The Revolving Door

Last Thursday I went out with a few friends before I left L.A.  I was just out to get a last night in the L.A. scene, so didn’t really think that I was going to do any focus on Project Kinect.  Well, it is a part of me now and it was inevitable.  I was introduced to these two guys that have been in their relationship for what one of them said was nine hundred years.  In reality, it’s only been 9 but time is really subjective.  Either way, these two men came off as what one can only define by hopelessly in love. 

As we got talking, I learned that the one had been married to a woman for some time in his years.  Him and his ex-wife are still best friends and she is an enormous part of both of the men’s lives.  They want on to show me all of the wacky and well put together Halloween costumes that she has put together for the three of them.   They have been successful in still leading lives full of love. 

I also asked them how they met. They thought I asked where they met and that lead the conversation into a completely different direction. The previously married one shouted out “The Revolving Door”.  I had no idea where or what that was but I found out.

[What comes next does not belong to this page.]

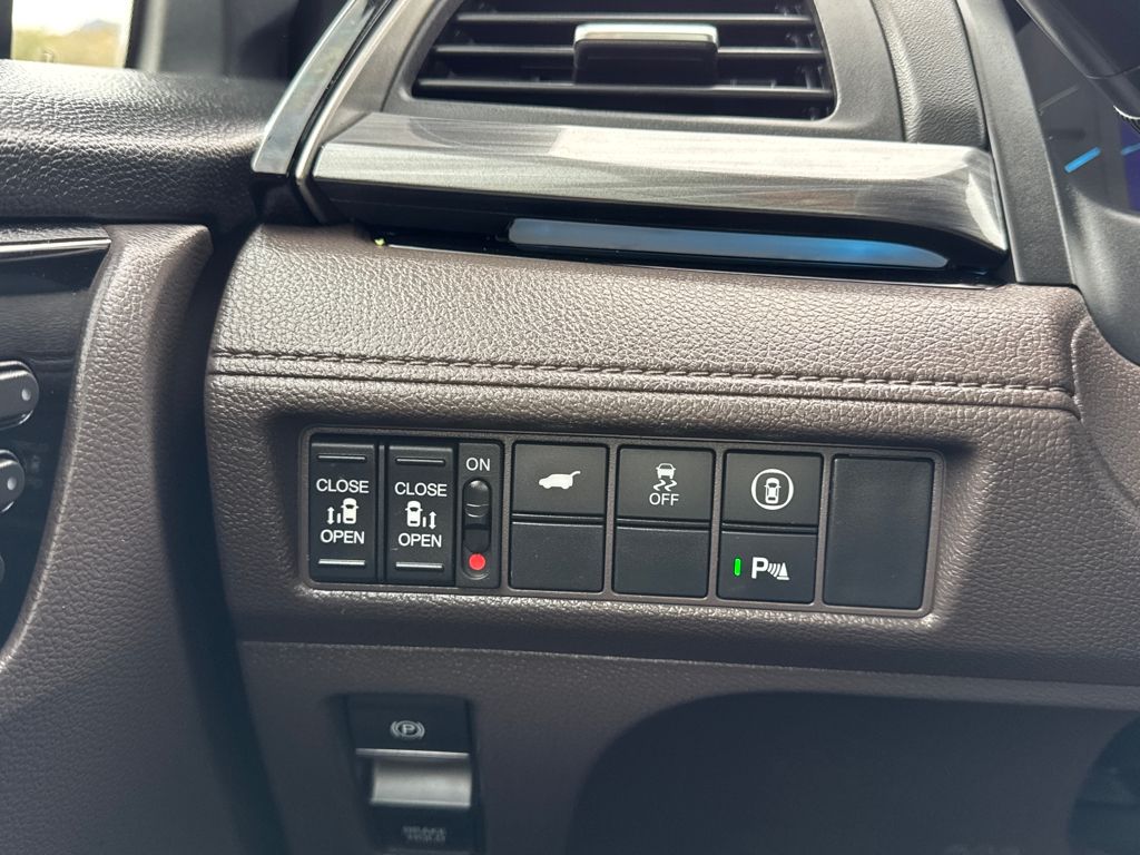 11 Speakers, 3.61 Axle Ratio, 3rd row seats: split-bench, 4-Wheel Disc Brakes, A/V remote: CabinControl, ABS brakes, Adaptive Cruise Control: Adaptive Cruise Control (ACC) with Low-Speed Follow, Air Conditioning, Alloy wheels, AM/FM radio: SiriusXM, Anti-whiplash front head restraints, Apple CarPlay/Android Auto, Auto High-beam Headlights, Auto-dimming door mirrors, Auto-dimming Rear-View mirror, Automatic temperature control, Blind Spot Information (BSI) System warning, Brake assist, Bumpers: body-color, CD player, Compass, Delay-off headlights, Driver door bin, Driver vanity mirror, Driver's Seat Mounted Armrest, Dual front impact airbags, Dual front side impact airbags, DVD-Audio, Electronic Stability Control, Emergency communication system: HondaLink, Exterior Parking Camera Rear, Forward collision: Collision Mitigation Braking System (CMBS) + FCW mitigation, Four wheel independent suspension, Front anti-roll bar, Front Bucket Seats, Front dual zone A/C, Front fog lights, Front reading lights, Fully automatic headlights, Garage door transmitter: HomeLink, Headphones, Heated & Ventilated Front Bucket Seats, Heated door mirrors, Heated front seats, Heated steering wheel, Illuminated entry, Knee airbag, Lane departure: Lane Keeping Assist System (LKAS) active, Leather Seat Trim, Leather steering wheel, Low tire pressure warning, Memory seat, Navigation system: Honda Satellite-Linked Navigation System, Occupant sensing airbag, Outside temperature display, Overhead airbag, Overhead console, Panic alarm, Passenger door bin, Passenger seat mounted armrest, Passenger vanity mirror, Power door mirrors, Power driver seat, Power Liftgate, Power moonroof, Power passenger seat, Power steering, Power windows, Radio data system, Radio: 550-Watt AM/FM/HD Premium Audio System, Rain sensing wipers, Rear air conditioning, Rear anti-roll bar, Rear audio controls, Rear reading lights, Rear seat center armrest, Rear window defroster, Rear window wiper, Reclining 3rd row seat, Remote keyless entry, Security system, Speed control, Speed-sensing steering, Speed-Sensitive Wipers, Split folding rear seat, Spoiler, Steering wheel mounted audio controls, Tachometer, Telescoping steering wheel, Tilt steering wheel, Traction control, Trip computer, Turn signal indicator mirrors, Variably intermittent wipers, Ventilated front seats, and Wheels: 19" Unique Machine-Finished Alloy.

Apparently, in the later part of the seventies, there was such a high crime rate in West Hollywood that all the bars really had to protect themselves with double pained glass bricks and bullet proof doors.  In order to make sure that the wrong people didn’t come in to the establishments, The Revolving Door actually put a revolving door in place to make sure that the patrons in the bar were protected.  

The revolving door has so much in this story.  Obviously one metaphor is the idea that we have to through revolving doors to know who we are in life.  We don’t just start off in life with the plan to how our lives are going to get from point A to point B.  In the life of our new friends here, the one fell in love with a woman before he really knew what he wanted and yearned for.  He still was able to keep the love of his ex-wife and made it work.

The other metaphor is that we need the revolving door around in order to keep something secret until the rest of society can begin to understand what the secret really means.  Fortunately, we have come a long ways from days where even in large cities, in open neighborhoods, homosexuals feared for their lives.  The Revolving Door is now a bar called East West that very open to the public with a large patio along a street full of other bars that are just as open with even larger outdoor patios.  That is a very comforting feeling.